“You know how Carl Sagan said that we have billions of stars? Well, we have billions of clocks,” says Carrie Partch. “Someday I think there’s going to be this palm-to-forehead moment where we all say: I cannot believe we didn’t understand that every form of life on this planet has a clock that links us to Earth and its terrestrial day.”
Then Partch led a mindfulness meditation outside the temple at Burning Man while celestial gongs rang to celebrate a new day’s rising sun. Just kidding. Partch is a biochemist at the University of California, Santa Cruz, who specializes in circadian rhythms, which is not only an actual research field, but one whose adherents won the 2017 Nobel Prize in Physiology or Medicine. In the 1980s and 1990s, the three scientists who received the award figured out how genetic time counters in cells aligned biological function to the 24-hour solar day. Particularly over the last couple of years, the work has solidified into a body of research that indicates timing can affect processes as diverse as sleep, metabolism, and cell growth.
Apart from jet lag, which is when the body’s internal schedule temporarily doesn’t match the schedule of the outside world, why do circadian rhythms matter enough for hundreds of researchers to study them? It turns out that every cell in the human body contains the genetic time counters the Nobel prizewinners found, and they control the expression of roughly half the genome, turning various functions on and off as needed. If the schedules of various organs, muscles, and glands get even slightly out of whack, you can develop depression, anxiety, sleep problems, diabetes, obesity, cardiovascular disease, or cancer. “Pretty much every nasty thing you can think of,” says Partch.

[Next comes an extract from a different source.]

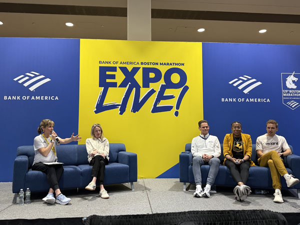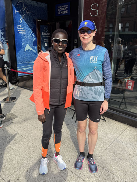 I followed my usual routine of flying out early Friday morning and returning home on Tuesday so I could spend several days in town and squeeze in a bunch of the activities that occur over marathon weekend. I was thrilled to find out that Mary and Jason, a couple I know from Infinite Multisport Triathlon Club, were going to be on the same flight. We got a chance to sit and chat before boarding and I mentioned a panel that I was going to attend. A woman sitting by us jumped into the conversation and turned out to be Des Linden’s mother-in-law! It was fun to talk to her since Des is an inspiration and rock star to us runners.

But how do your clocks get out of whack? More importantly: How do they stay in whack? Usually, the body’s billions of clocks are synchronized by a master clock in the brain that is activated by light. If you don’t get the right amount of light at the right times of day (dawn and dusk, generally), your clocks can get screwy. But there are other causes as well: Clocks keep worse time as we age, and they can become desynchronized by poor eating schedules or natural genetic variation. Experiments on animals in which certain molecular clock genes were deactivated in the pancreas showed that the animals acted normally, only to later develop diabetes.
Molecular clocks can even affect the potency of medication. “There are several different mechanisms—metabolism, so if you take a drug at the wrong time, it might be metabolized too quickly and cleared,” says John Hogenesch, a chronobiologist at Cincinnati Children’s Hospital Medical Center. “The second is transport—it may not be transported to the appropriate cell or organ type. And the third is the actual target [could be turned off at that time].” A current clinical trial at Washington University in St. Louis is testing whether administering chemotherapy for brain cancer when certain critical clock genes are at their peak could improve survival rates.
While chronobiologists continue to unravel the complete mysteries of time–cellular interactions, the oldest advice remains the best: Get more sleep and spend more time outdoors. Chakra cleansing not required (for now).
Ways To Reset Your Molecular Clocks
Eat all your food within 10 hours: Mice missing certain circadian clock genes are prone to obesity, but when they keep a tight eating schedule they remain lean.
Ask your doctor when to dose: The effectiveness of low-dose aspirin therapy, certain statins, and even chemotherapy can be greatly affected by when you take the medicines.
Get your flu shot in the morning: A 2016 study found that the immune system created four times the antibodies to a flu shot when it was given in the morning.
Have heart surgery in the afternoon: A 2017 study found that heart attacks were half as likely in patients who had valve replacements later in the day.
Skip the night shift: The World Health Organization classifies circadian-disrupting shift work as a class 2A “Probable Carcinogen.”
Go camping: A researcher at the University of Colorado, Boulder, recorded students’ light exposure on a camping trip and found their clocks returned to normal within two days.